● **INPUT MATERIAL**

====

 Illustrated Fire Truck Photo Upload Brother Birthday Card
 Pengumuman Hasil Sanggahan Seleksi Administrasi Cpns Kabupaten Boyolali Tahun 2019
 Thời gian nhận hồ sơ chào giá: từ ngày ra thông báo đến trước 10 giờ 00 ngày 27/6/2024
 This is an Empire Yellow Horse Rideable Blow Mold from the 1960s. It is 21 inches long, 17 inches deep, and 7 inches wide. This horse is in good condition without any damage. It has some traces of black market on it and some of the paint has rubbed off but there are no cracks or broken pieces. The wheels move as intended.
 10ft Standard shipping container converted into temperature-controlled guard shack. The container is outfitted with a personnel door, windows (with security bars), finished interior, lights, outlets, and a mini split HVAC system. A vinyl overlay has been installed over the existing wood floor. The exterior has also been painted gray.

====

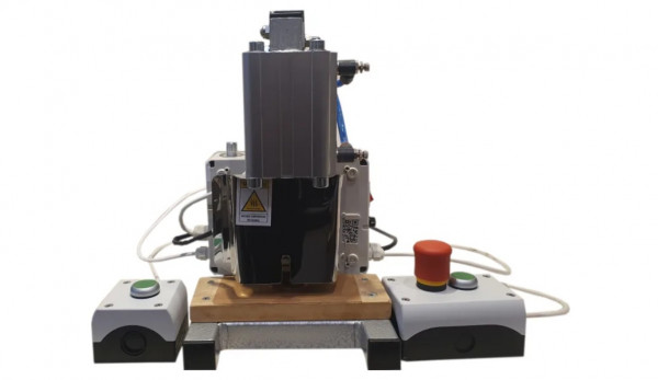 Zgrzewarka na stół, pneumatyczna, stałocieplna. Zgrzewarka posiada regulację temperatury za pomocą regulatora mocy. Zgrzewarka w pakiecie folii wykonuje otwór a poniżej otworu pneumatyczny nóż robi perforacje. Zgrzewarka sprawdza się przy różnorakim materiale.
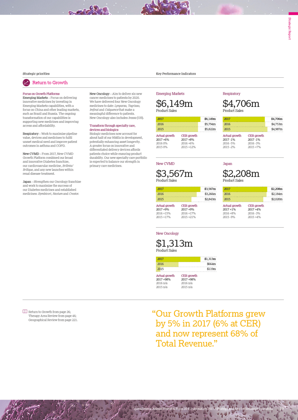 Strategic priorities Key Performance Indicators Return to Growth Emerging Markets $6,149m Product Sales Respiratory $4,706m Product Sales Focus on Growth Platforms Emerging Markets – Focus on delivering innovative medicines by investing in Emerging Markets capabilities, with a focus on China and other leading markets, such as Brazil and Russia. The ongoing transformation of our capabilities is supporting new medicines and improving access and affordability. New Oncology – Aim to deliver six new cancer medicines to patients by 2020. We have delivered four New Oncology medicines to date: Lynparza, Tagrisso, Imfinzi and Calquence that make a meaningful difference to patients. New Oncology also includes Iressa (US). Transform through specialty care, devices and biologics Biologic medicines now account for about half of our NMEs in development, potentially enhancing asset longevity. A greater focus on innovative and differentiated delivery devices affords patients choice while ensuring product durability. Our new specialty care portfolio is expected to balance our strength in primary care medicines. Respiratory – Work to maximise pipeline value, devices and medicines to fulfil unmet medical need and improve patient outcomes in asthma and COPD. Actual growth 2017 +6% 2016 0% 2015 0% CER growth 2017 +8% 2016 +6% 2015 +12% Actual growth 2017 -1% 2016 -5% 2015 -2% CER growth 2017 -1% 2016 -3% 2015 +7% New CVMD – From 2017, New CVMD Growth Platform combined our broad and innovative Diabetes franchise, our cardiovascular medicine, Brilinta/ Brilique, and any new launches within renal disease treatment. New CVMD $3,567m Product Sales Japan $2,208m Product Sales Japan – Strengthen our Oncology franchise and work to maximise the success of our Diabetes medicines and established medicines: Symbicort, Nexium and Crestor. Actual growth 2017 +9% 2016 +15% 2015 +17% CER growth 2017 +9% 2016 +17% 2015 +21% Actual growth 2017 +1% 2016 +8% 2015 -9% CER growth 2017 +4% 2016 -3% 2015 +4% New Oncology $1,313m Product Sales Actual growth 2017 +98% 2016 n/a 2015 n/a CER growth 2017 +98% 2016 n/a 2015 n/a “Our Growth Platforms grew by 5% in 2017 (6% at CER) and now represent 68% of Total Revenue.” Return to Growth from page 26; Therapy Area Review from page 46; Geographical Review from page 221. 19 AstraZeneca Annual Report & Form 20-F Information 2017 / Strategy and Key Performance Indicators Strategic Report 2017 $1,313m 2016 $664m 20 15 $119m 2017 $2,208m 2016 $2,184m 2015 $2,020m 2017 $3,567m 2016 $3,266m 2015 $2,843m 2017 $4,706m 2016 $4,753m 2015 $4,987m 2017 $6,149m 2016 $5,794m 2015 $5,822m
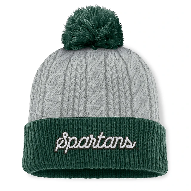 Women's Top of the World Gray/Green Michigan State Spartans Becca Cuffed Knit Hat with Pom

====

● **PROBLEM STATEMENT**
Retype, exactly and in full, the lines above from the one containing "Illustrated Fire Truck" through the one containing "Thời gian nhận".

● **WRITTEN SOLUTION**
 Illustrated Fire Truck Photo Upload Brother Birthday Card
 Pengumuman Hasil Sanggahan Seleksi Administrasi Cpns Kabupaten Boyolali Tahun 2019
 Thời gian nhận hồ sơ chào giá: từ ngày ra thông báo đến trước 10 giờ 00 ngày 27/6/2024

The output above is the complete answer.